I use Requests to make it easier. However, if I try to retrieve directly the URL found in step 3, I get an 401 Authentication error:
import requests
url = "http://xxx/services/users?from=0&to=50"
r = requests.get(url, auth=('user', 'passwd'))
r.status_code
>>> 401
I can do an authenticated request on the admin URL (something like http://xxx/admin-ui/) and I can retrieve the content of the web page, but it doesn't contain anything interesting since everything is loaded in JavaScript from that JSON data coming from the URL in step 3...
Any help would be more than welcome!
I needed to use form-based authentication, not HTTP Basic Auth as I originally thought.

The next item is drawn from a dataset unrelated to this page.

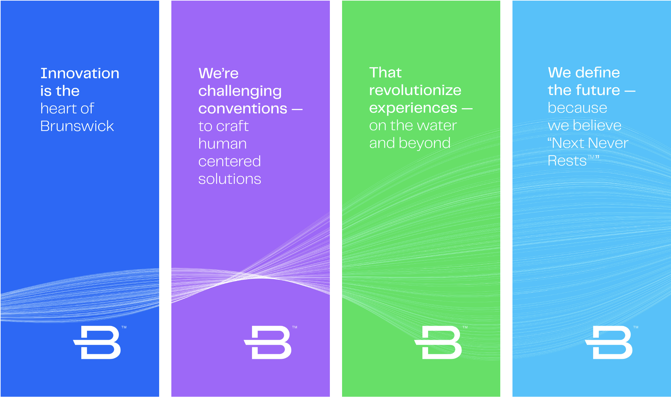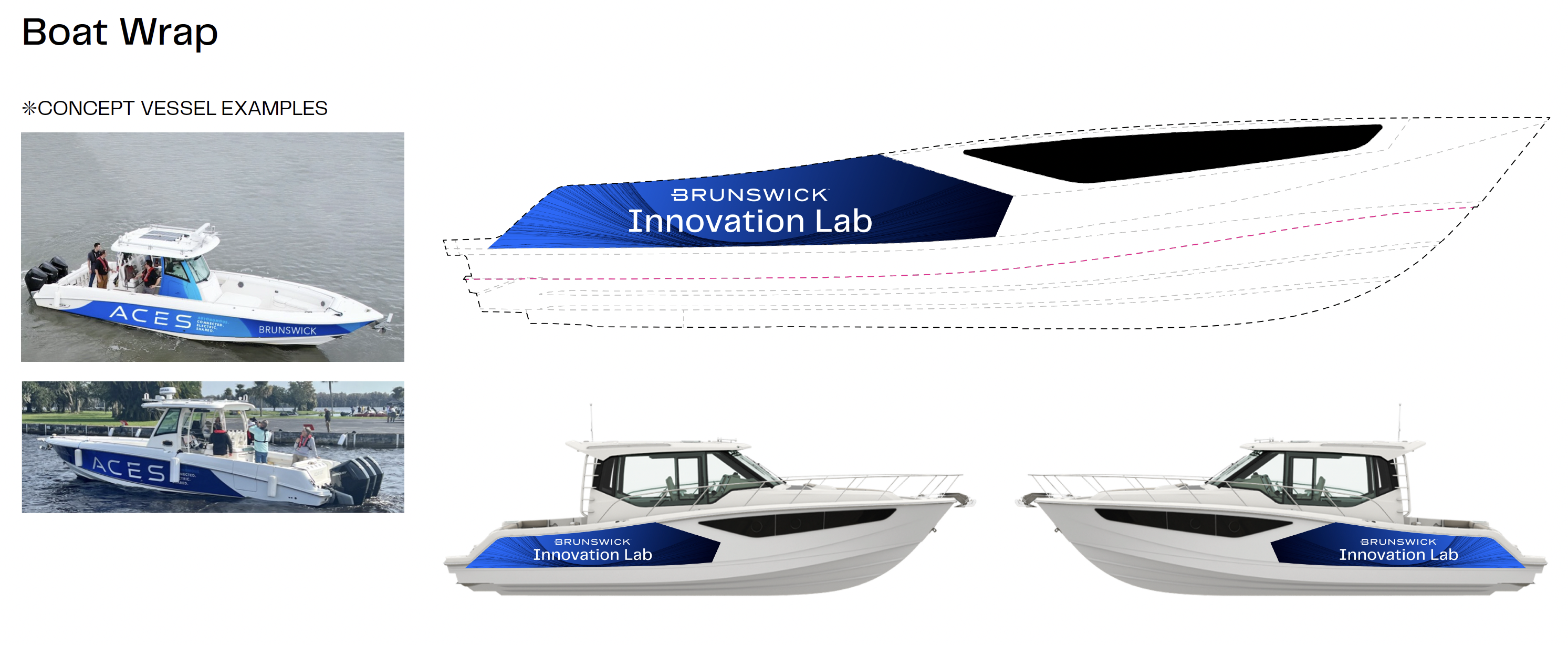 In preparation of Brunswick Corporation’s largescale event known as Investor Day, I helped create key branding moments. These pieces included invitations, media cards, a powerpoint presentation deck, a landing page, and several environmental branding moments to help create an immersive space: wind sails, window clings, boat wraps, branded towels, multiple large scale banners, and more.

So first I needed to login to the first URL in order to retrieve a auth cookie:
url = "http://xxx/admin-ui/"
credentials = {'j_username':'my_username','j_password':'my_passwd'}
s = requests.session()
s.post(url, credentials)
s.cookies
>>> <<class 'requests.cookies.RequestsCookieJar'>[Cookie(version=0, name='JSESSIONID', value='...>
Then I could connect to the second URL using this cookie and retrieve the data I needed:
url2 = "http://xxx/services/users?from=0&to=50"
r = requests.get(url2, cookies=s.cookies)
r.content
>>> (a lot of JSON data! \o/)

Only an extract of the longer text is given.